2.3.2 这一次代入训练实例的数值和各数量名

\(dMSE=\frac{\partial \frac{1}{2}\left ( y_{1}-ao_{1} \right )^2}{\partial ao_{1}}dao_{1}+\frac{\partial \frac{1}{2}\left ( y_{2}-ao_{2} \right )^2}{\partial ao_{2}}dao_{2}\)
\({\color{white}{dMSE}}=-\left( y_{1}-ao_{1} \right )\frac{\partial ao_{1}}{\partial zo_{1}}dzo_{1}-\left( y_{2}-ao_{2} \right )\frac{\partial ao_{2}}{\partial zo_{2}}dzo_{2}\)
\({\color{white}{dMSE}}=-\left( y_{1}-ao_{1} \right )ao_{1}\left( 1-ao_{1} \right )\left ( \frac{\partial zo_{1}}{\partial ah_{1}}dah_{1}+\frac{\partial zo_{1}}{\partial ah_{2}}dah_{2}+\frac{\partial zo_{1}}{\partial \omega _{5}}d\omega _{5}+\frac{\partial zo_{1}}{\partial \omega _{6}}d\omega _{6} \right )\)
\({\color{white}{dMSE=}}-\left( y_{2}-ao_{2} \right )ao_{2}\left( 1-ao_{2} \right )\left ( \frac{\partial zo_{2}}{\partial ah_{1}}dah_{1}+\frac{\partial zo_{2}}{\partial ah_{2}}dah_{2}+\frac{\partial zo_{2}}{\partial \omega _{7}}d\omega _{7}+\frac{\partial zo_{2}}{\partial \omega _{8}}d\omega _{8} \right )\)
\({\color{white}{dMSE}}=-\left( y_{1}-ao_{1} \right )ao_{1}\left( 1-ao_{1} \right )\left ( \omega_{5}\frac{\partial ah_{1}}{\partial zh_{1}}dzh_{1}+\omega_{6}\frac{\partial ah_{2}}{\partial zh_{2}}dzh_{2}+ah_{1}d\omega _{5}+ah_{2}d\omega _{6} \right )\)
\({\color{white}{dMSE=}}-\left( y_{2}-ao_{2} \right )ao_{2}\left( 1-ao_{2} \right )\left ( \omega_{7}\frac{\partial ah_{1}}{\partial zh_{1}}dzh_{1}+\omega_{8}\frac{\partial ah_{2}}{\partial zh_{2}}dzh_{2}+ah_{1}d\omega _{7}+ah_{2}d\omega _{8} \right )\)

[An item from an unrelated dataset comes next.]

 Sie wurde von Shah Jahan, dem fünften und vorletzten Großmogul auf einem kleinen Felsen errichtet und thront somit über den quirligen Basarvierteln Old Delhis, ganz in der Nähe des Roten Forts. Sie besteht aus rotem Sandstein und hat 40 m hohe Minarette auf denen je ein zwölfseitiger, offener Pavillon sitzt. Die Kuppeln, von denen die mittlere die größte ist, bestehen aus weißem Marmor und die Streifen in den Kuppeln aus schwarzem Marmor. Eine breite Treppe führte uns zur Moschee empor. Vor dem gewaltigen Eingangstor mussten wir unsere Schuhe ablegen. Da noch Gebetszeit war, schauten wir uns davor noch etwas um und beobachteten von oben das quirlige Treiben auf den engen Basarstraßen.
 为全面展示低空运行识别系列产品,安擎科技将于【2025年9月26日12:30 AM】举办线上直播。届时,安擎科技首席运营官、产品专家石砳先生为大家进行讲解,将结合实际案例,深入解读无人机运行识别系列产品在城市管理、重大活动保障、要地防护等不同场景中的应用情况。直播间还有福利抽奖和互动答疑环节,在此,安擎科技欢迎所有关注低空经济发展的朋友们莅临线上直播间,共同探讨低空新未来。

\({\color{white}{dMSE}}=-\left ( y_{1}-ao_{1} \right )ao_{1}\left( 1-ao_{1} \right )\left [ \omega_{5}\cdot ah_{1}\left ( 1- ah_{1} \right )\left (\frac{\partial zh_{1}}{\partial \omega_{1}}\omega_{1}+\frac{\partial zh_{1}}{\partial \omega_{2}}\omega_{2} \right ) +\omega_{6}\cdot ah_{2}\left ( 1- ah_{2} \right )\left (\frac{\partial zh_{2}}{\partial \omega_{3}}\omega_{3}+\frac{\partial zh_{2}}{\partial \omega_{4}}\omega_{4} \right )+ah_{1}d\omega _{5}+ah_{2}d\omega _{6} \right ]\)

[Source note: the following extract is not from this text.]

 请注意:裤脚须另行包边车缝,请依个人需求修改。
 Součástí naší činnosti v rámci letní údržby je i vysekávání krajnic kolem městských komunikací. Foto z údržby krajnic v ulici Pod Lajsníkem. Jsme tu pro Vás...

\({\color{white}{dMSE=}}-\left ( y_{2}-ao_{2} \right )ao_{2}\left( 1-ao_{2} \right )\left [ \omega_{7}\cdot ah_{1}\left ( 1- ah_{1} \right )\left (\frac{\partial zh_{1}}{\partial \omega_{1}}\omega_{1}+\frac{\partial zh_{1}}{\partial \omega_{2}}\omega_{2} \right ) +\omega_{8}\cdot ah_{2}\left ( 1- ah_{2} \right )\left (\frac{\partial zh_{2}}{\partial \omega_{3}}\omega_{3}+\frac{\partial zh_{2}}{\partial \omega_{4}}\omega_{4} \right )+ah_{1}d\omega _{7}+ah_{2}d\omega _{8} \right ]\)

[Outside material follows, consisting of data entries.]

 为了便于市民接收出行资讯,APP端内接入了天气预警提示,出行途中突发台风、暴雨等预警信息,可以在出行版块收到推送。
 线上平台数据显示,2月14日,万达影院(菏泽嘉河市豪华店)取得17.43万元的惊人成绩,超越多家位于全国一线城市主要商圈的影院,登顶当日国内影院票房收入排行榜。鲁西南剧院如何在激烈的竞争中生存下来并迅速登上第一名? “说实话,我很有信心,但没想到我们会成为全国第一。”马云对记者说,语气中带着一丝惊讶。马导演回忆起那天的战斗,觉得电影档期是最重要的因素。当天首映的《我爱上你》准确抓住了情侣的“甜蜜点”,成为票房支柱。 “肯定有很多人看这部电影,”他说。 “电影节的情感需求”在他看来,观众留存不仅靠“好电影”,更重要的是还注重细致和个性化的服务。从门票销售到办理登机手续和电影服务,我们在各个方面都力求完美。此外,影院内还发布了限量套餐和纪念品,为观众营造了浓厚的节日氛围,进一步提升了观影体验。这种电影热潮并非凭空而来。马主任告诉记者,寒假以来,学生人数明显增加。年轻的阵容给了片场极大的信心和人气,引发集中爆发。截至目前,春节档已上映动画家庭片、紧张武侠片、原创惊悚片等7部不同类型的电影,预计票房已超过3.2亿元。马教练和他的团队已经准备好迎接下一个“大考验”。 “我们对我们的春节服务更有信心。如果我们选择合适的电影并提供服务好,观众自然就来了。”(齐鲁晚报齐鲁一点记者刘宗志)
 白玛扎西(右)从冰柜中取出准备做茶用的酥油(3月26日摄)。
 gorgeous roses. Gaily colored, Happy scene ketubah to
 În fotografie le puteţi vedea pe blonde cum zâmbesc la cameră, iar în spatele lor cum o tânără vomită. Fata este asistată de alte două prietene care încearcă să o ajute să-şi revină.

\({\color{white}{dMSE}}=-\left ( y_{1}-ao_{1} \right )ao_{1}\left( 1-ao_{1} \right )\left[ \omega_{5} \cdot ah_{1}\left ( 1-ah_{1} \right )\left ( {\color{green}{i_{1}d\omega_{1}}}+{\color{green}{i_{2}d\omega_{2}}} \right ) +\omega_{6} \cdot ah_{2}\left ( 1-ah_{2} \right )\left ( {\color{green}{i_{1}d\omega_{3}}}+{\color{green}{i_{2}d\omega_{4}}} \right ) +{\color{blue}{ah_{1}d\omega_{5}}}+{\color{blue}{ah_{2}d\omega_{6}}}\right ]\)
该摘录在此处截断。